Не борец и не клоун

    
           Летом 1963 года со мной случилось приключение на крейсере «Киров», большом корабле, приспособленном для обучения курсантов Ленинградских высших военно-морских училищ. Их в городе и пригородах было пять или шесть. Практику на крейсере одновременно проходили около пятисот курсантов. «Киров» плавал по Балтийскому морю, стоял то в Кронштадте, то в Риге, то на рейде шведского острова Готланд. Нас обучали штурманскому делу,  управлению торпедным катером. Кроме того, на воздушных и гидролокаторах учили обнаружению воздушных, подводных и надводных целей.

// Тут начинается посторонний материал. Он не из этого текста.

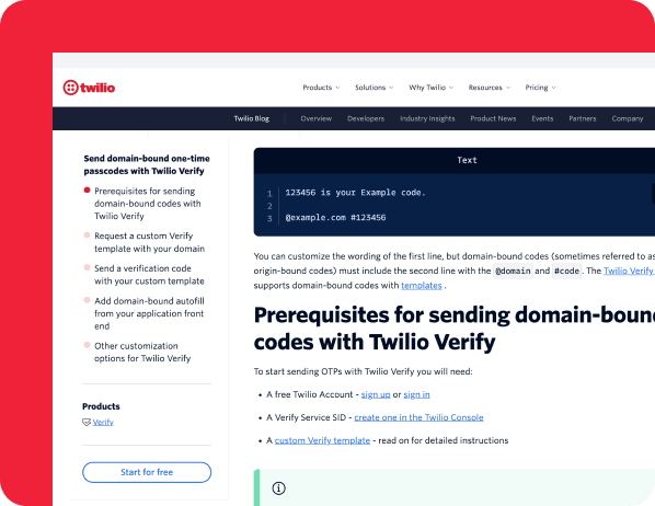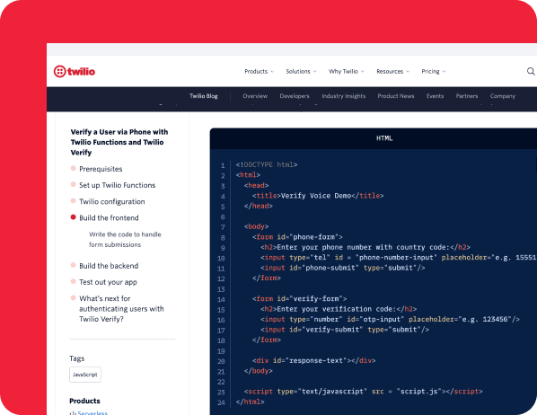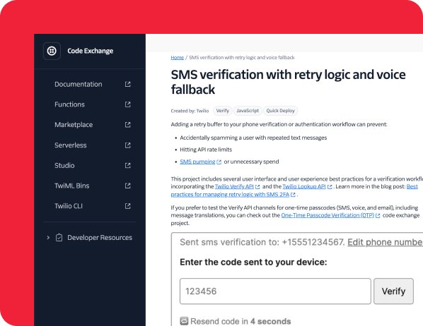 Reduce fraud, increase user trust, and launch secure login flows in minutes using Twilio’s proven verification tools. Explore guides, docs, and resources to build with confidence.
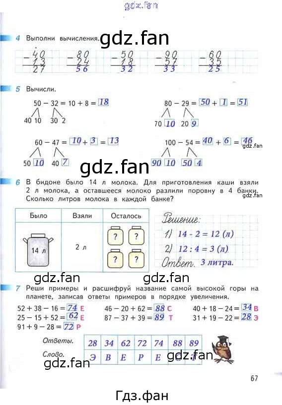 Проверка домашнего задания всегда занимает большое количество времени. На помощь приходит ГДЗ фан по Математике второго класса. Здесь собраны популярные ответы на 67 (№ 4, 5, 6, 7) Математика 2 класс рабочая тетрадь Дорофеев Г.В.
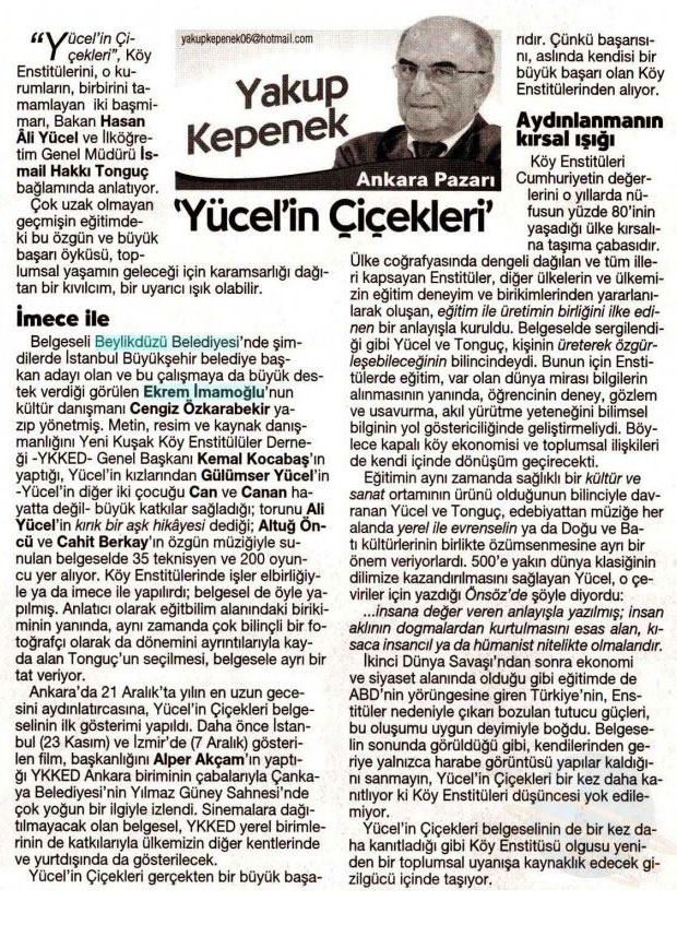 24 Aralık 2018 tarihli "CUMHURİYET" gazetesi. Cumhuriyet gazetesi köşe yazarı Yakup Kepenek; Milli Eğitim Bakanı Hasan Ali Yücel ve İlköğretim Genel Müdürü İsmail Hakkı Tonguç'un hayat hikayeleri üzerinden Köy Enstitülerini anlatan "Yücel'in Çiçekleri" adlı belgesel film hakkında yazdığı köşe yazısı.
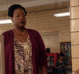 Anytime any of the main characters on this show use a computer, it’s hysterical. In Episode 3, Kimmy’s roommate Titus goes to the library to search for a place where he can buy a costume for his one-man show and realizes people are talking about it on the Internet. He exclaims his excitement but is quickly silenced by a strict librarian. His response to being hushed? To take a “face journey” through the comments section. We then watch Titus’ over exaggerated facial expressions as he reacts to the negative comments on his highly controversial show. The librarian shushes him again, and we then see a sign prohibiting “face journeys” in the library as well.
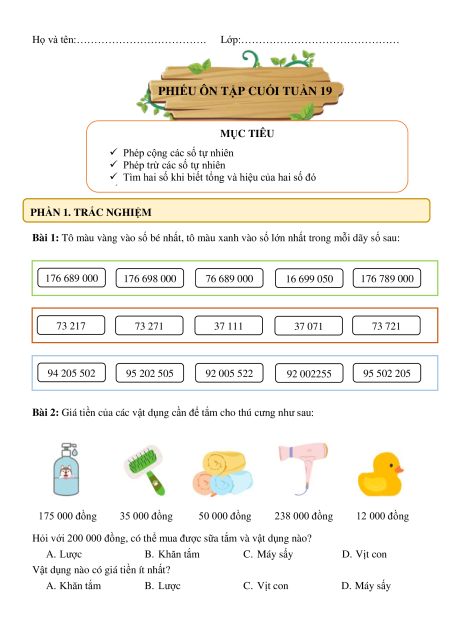 PHIẾU ÔN TẬP CUỐI TUẦN 19 MỤC TIÊU
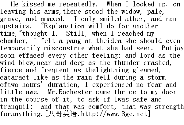 他吻了我,吻了又吻。我离开他怀抱抬起头来一看,只见那位寡妇站在那儿,脸色苍白,神情严肃而惊讶。我只朝她微微一笑,便跑上楼去了。"下次再解释也行,"我想。但是到了房间里,想起她一时会对看到的情况产生误解,心里便感到一阵痛楚。然而喜悦抹去了一切其他感情。尽管在两小时的暴风雨中,狂风大作,雷声隆隆,电光闪闪,暴雨如注,我并不害怕,并不畏惧。这中间罗切斯特先生三次上门,问我是否平安无事。这无论如何给了我安慰和力量。

   Меня разместили в одном из глубоких матросских кубриков человек на тридцать. Спускаться туда надо было по узким металлическим трапам пролетов восемь. Койки были в три этажа. Места, как обычно, разыгрывались на пальцах. Мне досталась средняя койка, весьма неудобная, так как сверху провисала верхняя койка, было тесновато. Но главное неудобство заключалось в плохой освещенности. Я любил почитать перед сном, пока не включали ночной свет, а на средней койке делать это было очень неудобно. Когда через два-три дня мой сосед сверху предложил поменяться местами, я был счастлив и бурно благодарил его.
    Перед сном я с наслаждением читал под лампой на потолке   древнегреческую повесть о бессмертной любви «Дафнис и Хлоя», написанную таким чистым, прекрасным языком, так тонко и точно передающую чувства зарождающейся любви, что у меня дух захватывало.  Потом включили синий ночной свет, я лежал с закрытыми глазами в сладкой дреме и, казалось, улавливал какое-то попискивание птенцов, шуршание их мягких телец   в гнезде. Чудилось, что иногда к птенцам подлетают их мама и папа с червячками в клювах.  Тогда писк и шорох усиливались, раздавались вскрики борьбы за пищу. Все это казалось так реально, что я не выдержал и открыл глаза.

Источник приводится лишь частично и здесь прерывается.